Prompt: Where the data below contains pictures, omit them; output the rest word for word.

Recorded data:
☆ ☆ ☆ ☆ ☆

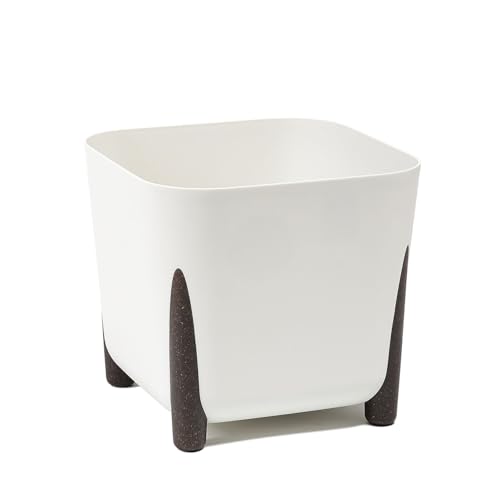 LAMELA Pot de Fleurs avec Drainage 21 cm, 6L - Pot sur Pieds Stylés - Plastique Intérieur et Extérieur, Blanc
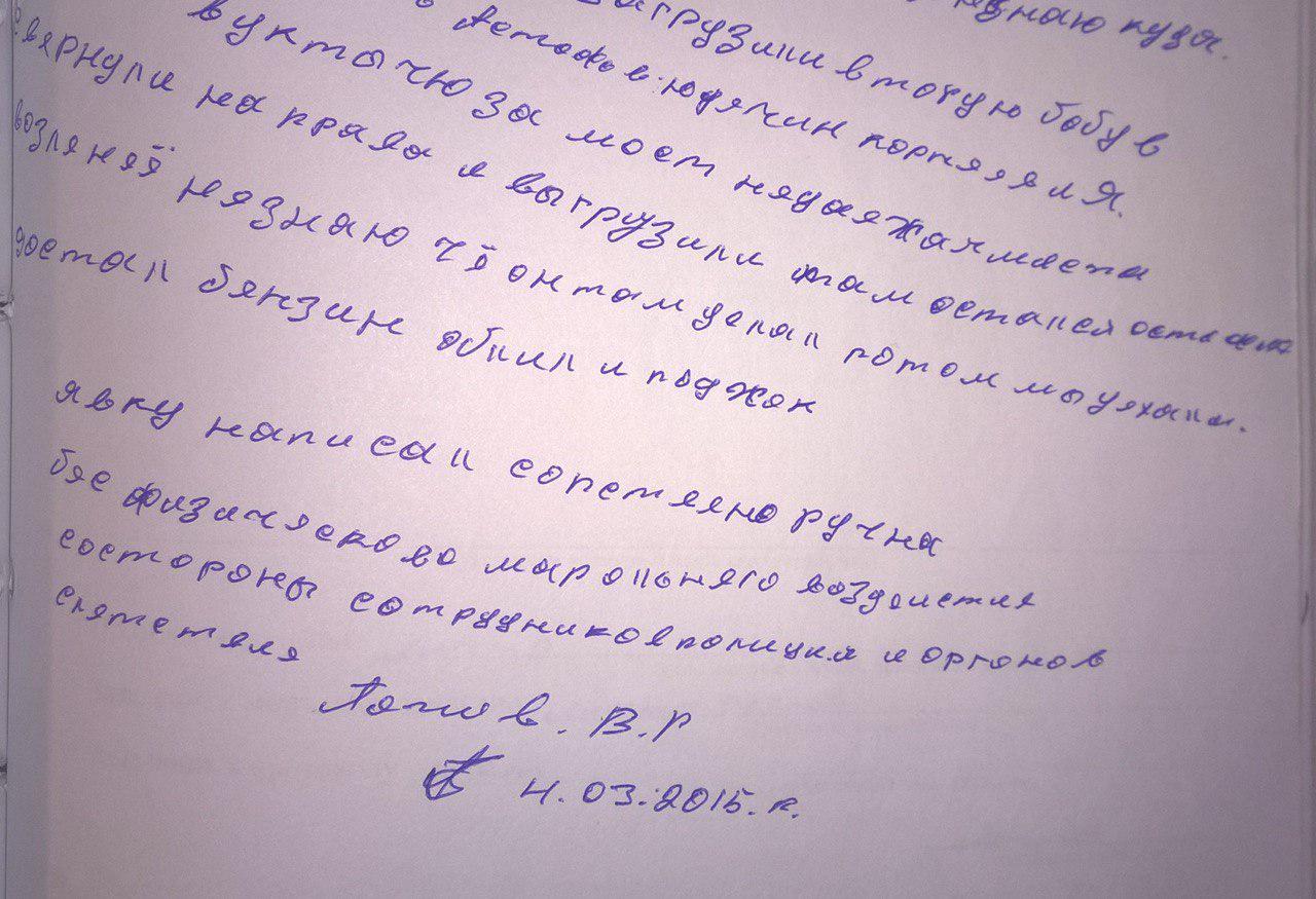 Впрочем, упорствовал Попов недолго — согласно материалам дела, уже через полчаса после очной ставки следователь принял у него явку с повинной. Это 20 строчек почти бессвязного рукописного текста: «4 февраля 2015 года употребляли спиртное на берегу реки Газимур были Корнеев Астафьев Попов две девушки знакомые Юдичина которых мы подошли не знаю на какой улице села Газзавод пока пили спирт между Астафьевым получился конфликт из-за чего не помню был он по пьяной чeта достал из моей машина ударил девушка ана упала на землю. Другая падошла давай ряветь не понял че ревела один ей стукнул и она упала и он ее пнул потом ее загрузили в машину багажник и увязли Астафьев Корнеев не знаю куда. Потом они вернулись и загрузили вторую бабу в багажник» (орфография и пунктуация документа).
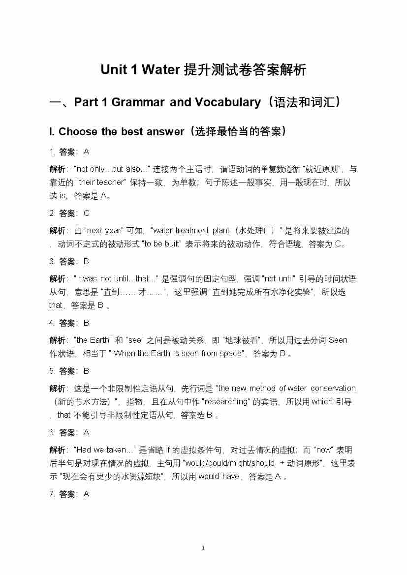 沪教版(五四制)八年级上册Unit 1 Water 提升测试卷答案解析--沪教54版

☆ ☆ ☆ ☆ ☆

Written response:
 LAMELA Pot de Fleurs avec Drainage 21 cm, 6L - Pot sur Pieds Stylés - Plastique Intérieur et Extérieur, Blanc
 Впрочем, упорствовал Попов недолго — согласно материалам дела, уже через полчаса после очной ставки следователь принял у него явку с повинной. Это 20 строчек почти бессвязного рукописного текста: «4 февраля 2015 года употребляли спиртное на берегу реки Газимур были Корнеев Астафьев Попов две девушки знакомые Юдичина которых мы подошли не знаю на какой улице села Газзавод пока пили спирт между Астафьевым получился конфликт из-за чего не помню был он по пьяной чeта достал из моей машина ударил девушка ана упала на землю. Другая падошла давай ряветь не понял че ревела один ей стукнул и она упала и он ее пнул потом ее загрузили в машину багажник и увязли Астафьев Корнеев не знаю куда. Потом они вернулись и загрузили вторую бабу в багажник» (орфография и пунктуация документа).
 沪教版(五四制)八年级上册Unit 1 Water 提升测试卷答案解析--沪教54版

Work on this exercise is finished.